The present study is aimed to observe the difference in the Physico-Chemical characteristics of the marketed and formulated bhasma samples through X-Ray Diffraction analysis (XRD), Dynamic Light Scattering (DLS), Zeta potential, Thermo-Gravimetric analysis (TGA), Scanning Electron Microscopy (SEM) and Energy Dispersive X-Ray analysis (EDAX), apart from organoleptic methods. Inductively Coupled Plasma Mass Spectroscopy (ICPMS) analysis was also done to observe the presence of trace and heavy metals so that the safety of all these samples could be ensured. XRD shows variation in oxide nature of zinc as well crystallite size in all bhasma samples.
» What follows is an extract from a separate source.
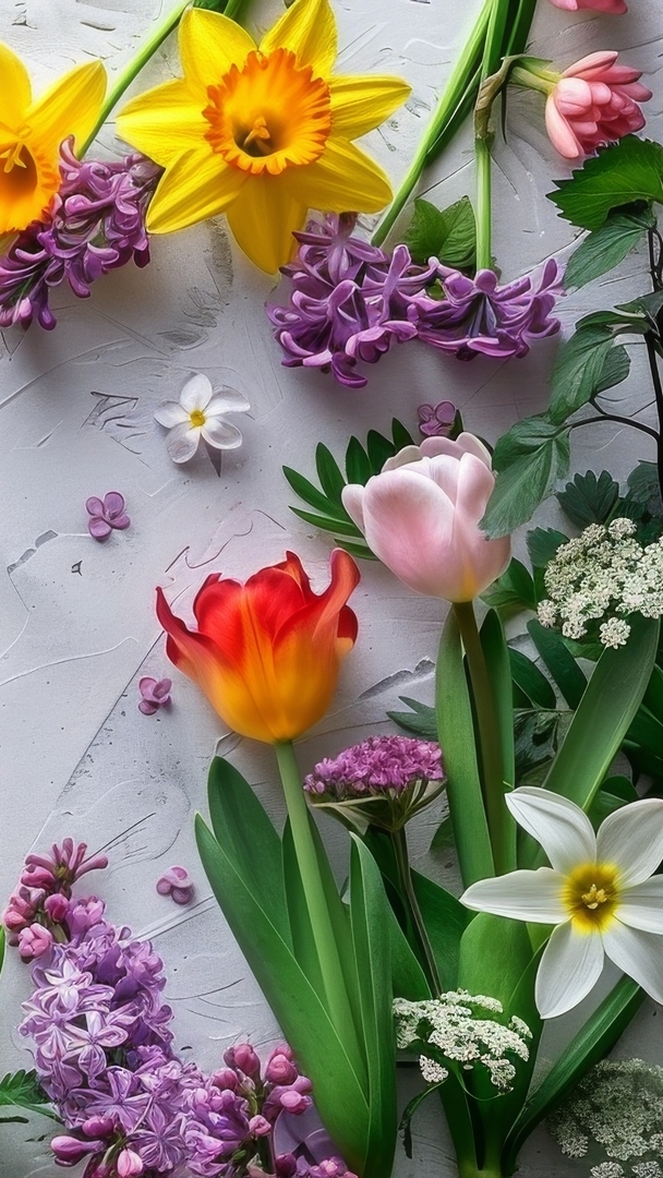 Edytor tapety: Różne kolorowe kwiaty na jasnym tle

DLS and SEM results show difference in particle size of marketed bhasma samples as compared to formulated Yashada bhasma. EDAX and ICPMS also confirm the alteration in elemental composition of all these bhasma samples. Thus, it can be concluded that these ayurvedic medicines should be prepared strictly using the formulation methods as mentioned in the Ayurvedic texts. This will help the prepared products to adopt the inherent quality of the ancient system of medicine, which shall be useful and devoid of any side effects for human consumption.